Throughout the universe, things are in constant flux.  Stars are formed and galaxies are consumed, and no one would ever notice if not for the many advances in astronomy.  In the early days of travel, being able to decode the stars was a necessity to get where you wanted to go.  One of the very first notable events in astronomy was the realization of the geocentric model.  This was later realized to be a flawed model, but at the time it was useful for navigation purposes.

At some point between 127-41 AD, Claudius Ptolemy made observations of the stars patterns in Alexandria of Egypt.  Being a mathematician, he was able to calculate the phases of the moon, the lengths of the seasons, and the length of the year.  However, having primitive instruments, there were some errors in his calculations.  He also based his calculations on the geocentric model with the Earth as the center of it.  He is still considered one of the first great astronomers despite these facts due to his many discoveries despite having little equipment to work with.

The second great event following Ptolemy’s calculations was Nicolaus Copernicus’ discovery (1510-1514) that the Sun was the center of our solar system and was responsible for the path the planets followed and for the season and length of the year  This became known as the heliocentric model.  This satisfied Copernicus because it fit Aristotle’s requirement of circular planetary motion and laws of inertia.  Finally the lunar cycles and changes in seasons made sense!

Galileo was the first to experiment with gravity and the acceleration of falling objects.  He proved through experiments that mass had no effect on an object’s acceleration.  He also designed and used his own telescopes, which most likely inspired Newton along with his insights into gravity’s relationship to mass.

These facts were further confirmed by Isaac Newton in his “Principia,” published in 1687, which described the three laws of motion and universal gravity.  Newton deserves further credit for advancing astronomy by building the first practical reflecting telescope and developing a theory of colour based on how prisms deconstruct white light into separate colors.  This would be something that would later inspire Einstein as he studied the qualities of photons and their interaction with gravity.
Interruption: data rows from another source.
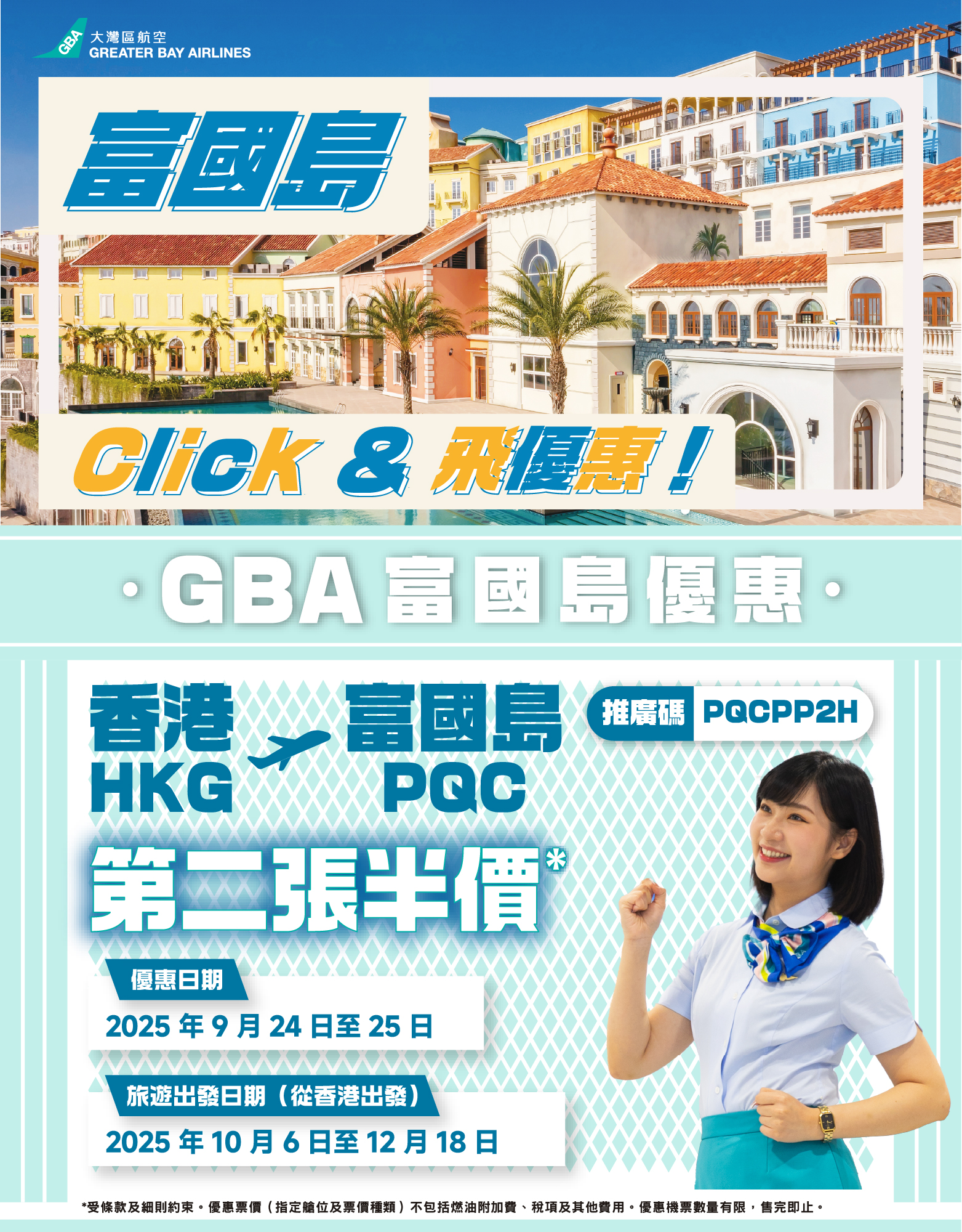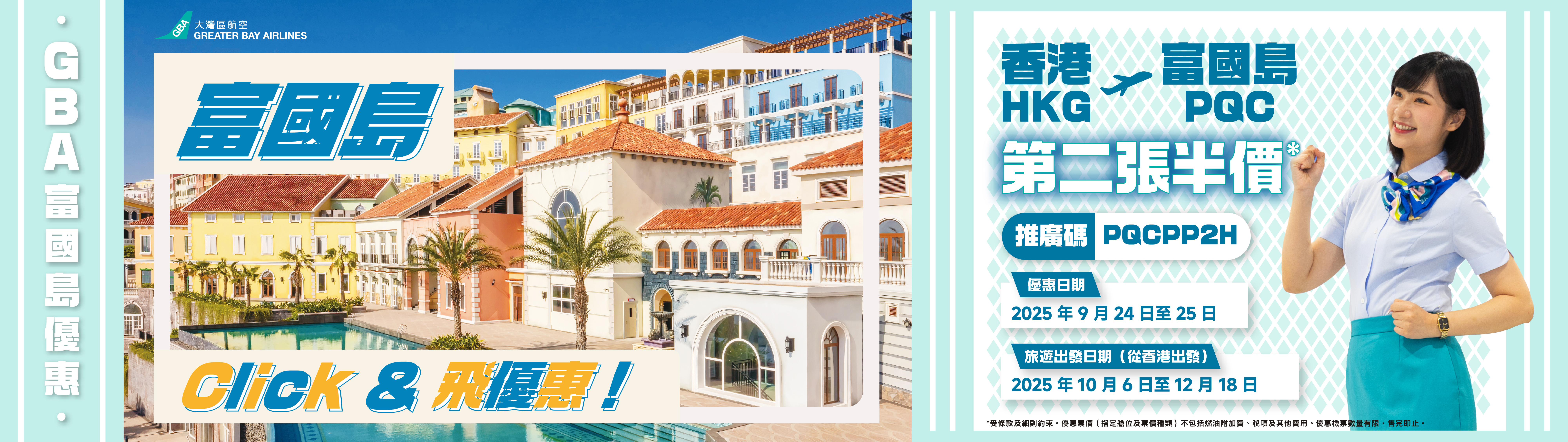 2025 年 9 月 24 日 至 2025 年 9 月 25 日,輸入指定推廣碼^【PQCPP2H】預訂富國島來回/單程機票可享「第二張半價」,單程淨票價平均每人低至港幣$120*。立即預訂!
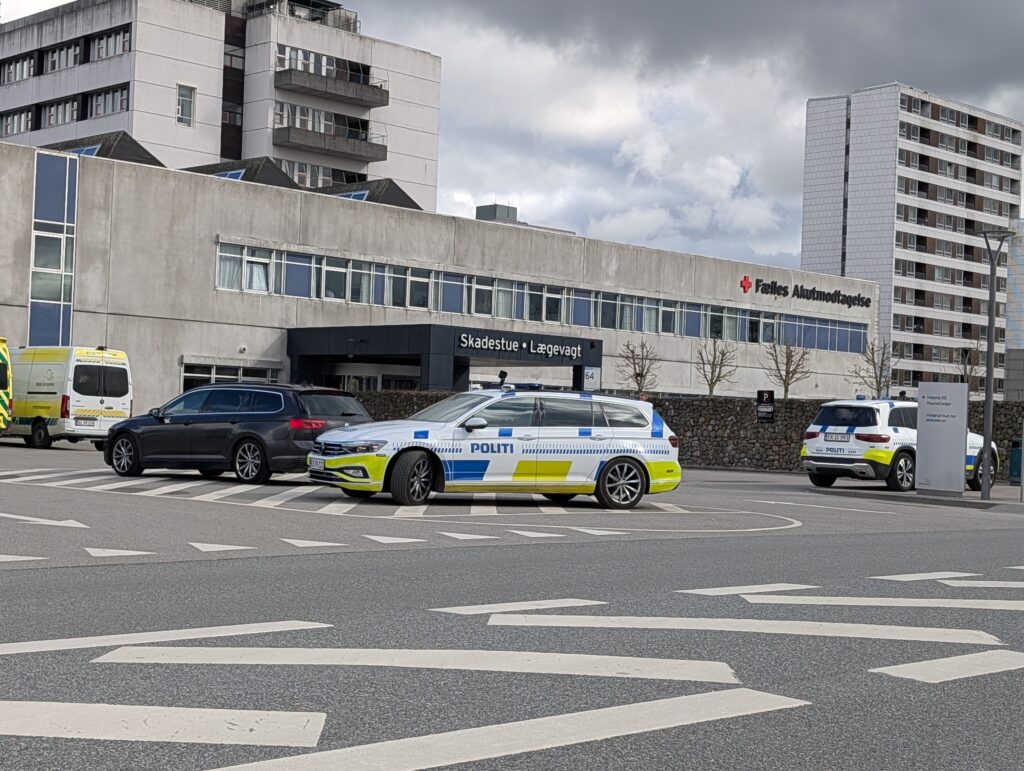 Presse-fotos.dks udsendte oplyser desuden, at der ved Odense Universitetshospital også er meget politi, efter at manden blev kørt ind til behandling.
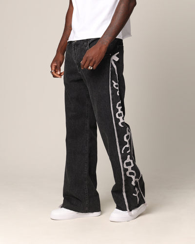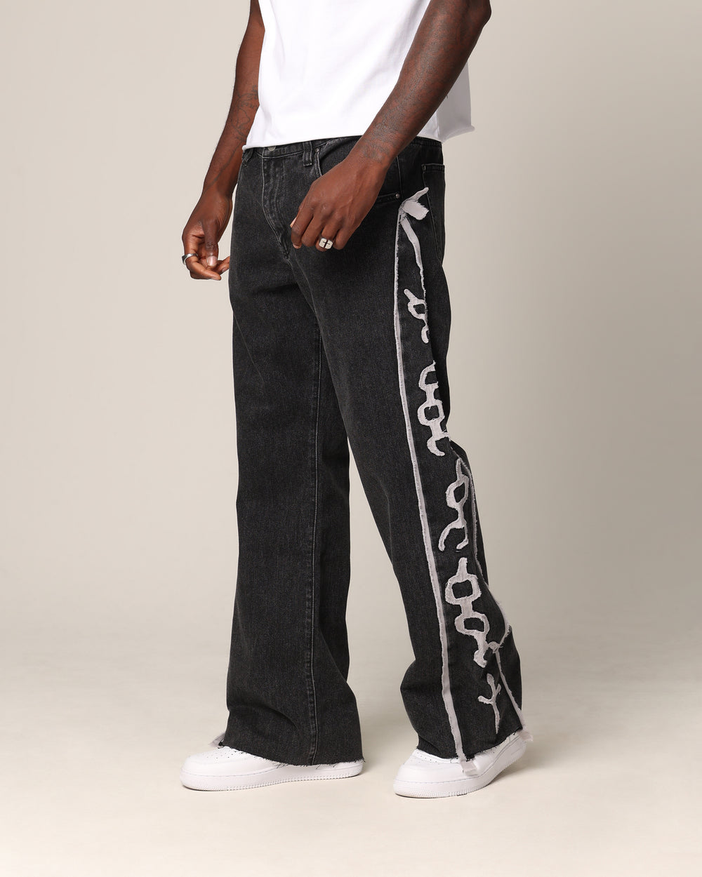 Spice up your fit with these iconic jeans. The Holy Ghost Flared Jeans feature a fire design cut out from contrast denim that trails down each leg. Not only that, but they end in a raw hem for an edgier look. Cop yours today.

Newton can be considered the person to tie together all the facts that were before him and make sense of them. The last great astronomical event up until these modern times would be Einstein finally proving that mass does affect light by viewing stars during solar eclipses.  There have been numerous achievements since these early times in astronomy, however none of them would have been achievable without these primitive but profound discoveries that laid the foundations.